Спустя два года мне пришлось самому проявить инициативу. Мой старый приятель и сослуживец неудачно упал, слома шейку бедра. В результате на долгое время обезножил. И тут выяснилось, что за его Джавой, шикарным рыжим длинношерстным персом, не кому ухаживать. Узнав об этом, я тут же поехал и забрал кота. Не очень размышляя – почему. Забрал и забрал. Так звёзды сошлись. Странность имени этого существа объясняется тем, что его хозяин был осетином родом из посёлка под таким же названием. Что касается перса, то он  был серьёзным, солидным, медлительно-важным созданием. Его редко можно было увидеть бегущим. К играм и игрушкам относился с явным презрением. Его вкрадчивость и осторожность проявлялась во всём. Даже к еде. Приступая к ней, он долго в неё всматривался, изучал, принюхивался, выбирая с какой стороны начать её поглощать. При этом выражение его кошачьей солидной морды не менялось. Оно всегда было свирепо-сосредоточенное и неприветливое. Всё это было чисто внешнее. Его натура была ласковая и нежная. Поскольку мы ранее были знакомы, то быстро привязались друг к другу. Особенно он. Сие рыжее создание следовало за мной по квартире в течение всего дня. Его любимым постоянным занятием было созерцание за тем, чем я занимался. Скажем, работал я за компьютером.
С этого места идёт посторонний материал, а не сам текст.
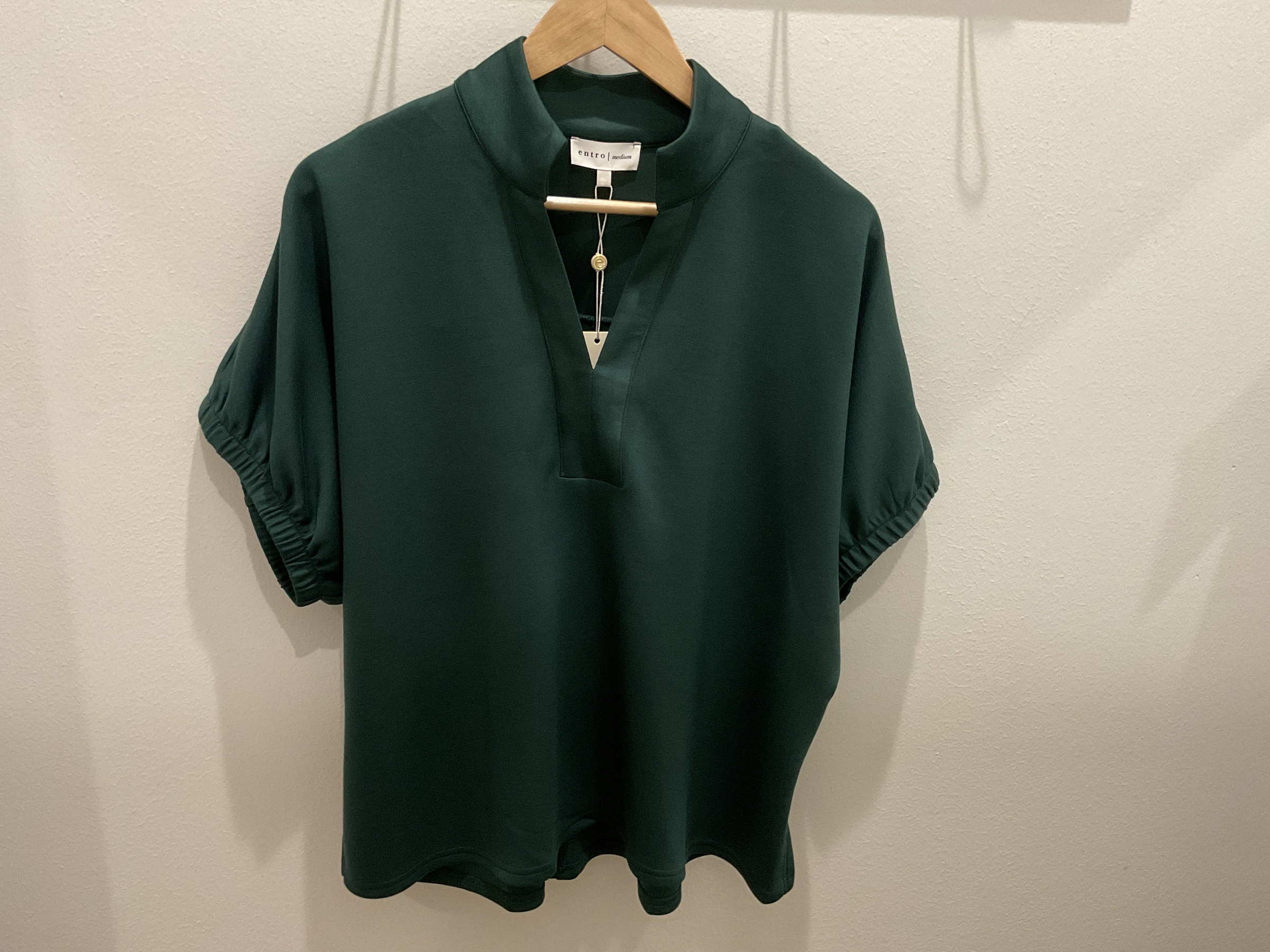 Solid short sleeve top featuring split V-neck with collar band. Elasticated sleeve openings. Back yoke with pleat detail. Unlined. Knit. Non-sheer. Lightweight.

Он тут же пристраивался рядом, уставившись на меня парой огромных рыжих  глаз. При этом он иногда широко раскрывал рот в каком-то беззвучном высказывании, явно для меня не переводимом. Он так же любил спать со мной, при этом рокоча, как изделие харьковского тракторного завода. Гармонию нашего бытия через четыре года вероломно порушила всё та же всемирная успокоительница.  И Джава ушёл от меня.  После чего я дал себе зарок – больше никаких животных у меня в доме не будет. Видно, потому, что мне теперь достаточно общения с тобой, с Голосом, я принял решение отказаться выполнить просьбу моей знакомой, посоветовав    той обратиться в соответствующие приюты. Причин своего отказа я не стал объяснять: не могу и всё. На сём заканчиваю свои кошачьи штудии. 
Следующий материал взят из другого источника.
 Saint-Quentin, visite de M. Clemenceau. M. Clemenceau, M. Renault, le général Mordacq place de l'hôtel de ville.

                С наилучшими пожеланиями и уважением.
                Фелинологический  amuser.

Ламентация пятая.
Уважаемая Асмик.
В ламентации, предшествующей моим кошачьим мемориям, я признался, что до меня не особенно доходят смыслы картины Василия Кандинского «Посвящение незнакомому голосу». Справедливости ради, должен заметить, что всё я же попытался вглядеться в эту картину и выявить для себя какие-нибудь смысла образные значения. И добился некоторых результатов. Например, в самом верху, в правом углу, мне ясно видится пара женских туфелек. И сразу ассоциативно вспоминается строка из поэмы Андрея Вознесенского «Оза»:
 Выйду ли к пляжу – туфелек пара, будто купальщица в море пропала.
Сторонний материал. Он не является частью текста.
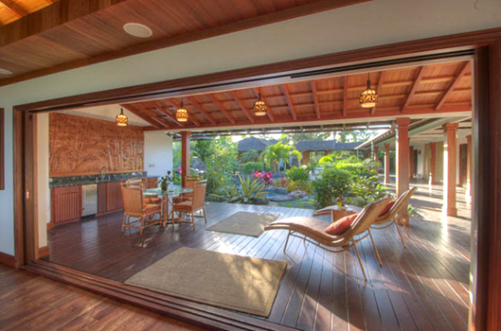 Bay)。它擁有五間帶有獨(dú)立浴室的臥室、一個健身室、一間放映室,奢華至極的廚房引向可供12人就餐的餐室。兩間臥室實際上設(shè)在迎賓館中。建筑周邊設(shè)施還包括兩個涼臺和一個中央庭院,庭院正對著一個由吧臺和休息區(qū)間隔而成的池畔涼亭,瀉湖風(fēng)格的游泳池中有瀑布和島嶼溫泉。根據(jù)該別墅網(wǎng)站,這座種植園莊園一直保留著其原有的名字,用“海島種植園風(fēng)格”裝修,用天然石材的馬賽克、彩色玻璃和非洲紅木雕刻裝飾。

О чём эта деталь этой художественной композиции? Мне думается, это воспоминание об изящности образа той, чей голос потряс художника, и с которой она только что расстался в Русском музее. Этот вывод подкрепляется ещё одной деталью: в левом верхнем углу угадывается изображение косички с бантиком. Не есть ли в том намёк то, что объект воздыхания живописца не только изящен, но он юн и невинен? Между девичьей косичкой и туфельками Кандинский поместил изображение какого-то замысловатого строения. Можно предположить, что так он зафиксировал то место, где он повстречался с Ниной, то есть это здание, где расположен музей изящных искусств  имени Александра III. Иные детали картины  просто не поддаются моим интерпретациям: ни нечто напоминающие арбалет, ни изображение молотка для производства геологических изысканий. Словом, для меня эта картина является продуктом медитативного состояния художника, в ходе которого он наносил на бумагу размером 24 на 16 сантиметров хаотичные линии и цветовые пятна, смысл которых был понятен только его возбуждённому сознанию. Верен ли этот мой посыл, я не знаю. Видимо, надо обратиться мне к специалистам по творчеству Кандинского. Скажем, к лекциям Александра Таирова, что я обнаружил в интернете. Но пока я не нахожу, к сожалению, на это времени. Надеюсь, что я всё же изыщу такую возможность. И тогда, Голос, я сообщу тебе, как понимать этот опус Кандинского из далёкого 1916 года.

                С наилучшими пожеланиями и уважением.
                Не худ. критик amuser.

Ламентация шестая.
Уважаемая Асмик.
В столице у меня есть несколько замечательных мест, которые я иногда посещаю из праздного любопытства. Это известные барахолки на Тишинке, в Измаловском вернисаже, в «Гайд-парке» в Сокольниках, в Новоподрезково, на Школьной улице. Забавное у них другое название – блошиные рынки. И пришло оно из Парижа, где во времена Наполеона появился знаменитый Клиньянкур, базар для распродажи старых вещей. В продаваемом барахле обитало огромное количество блох. Поэтому это место стали называть March; aux puces – блошиный рынок.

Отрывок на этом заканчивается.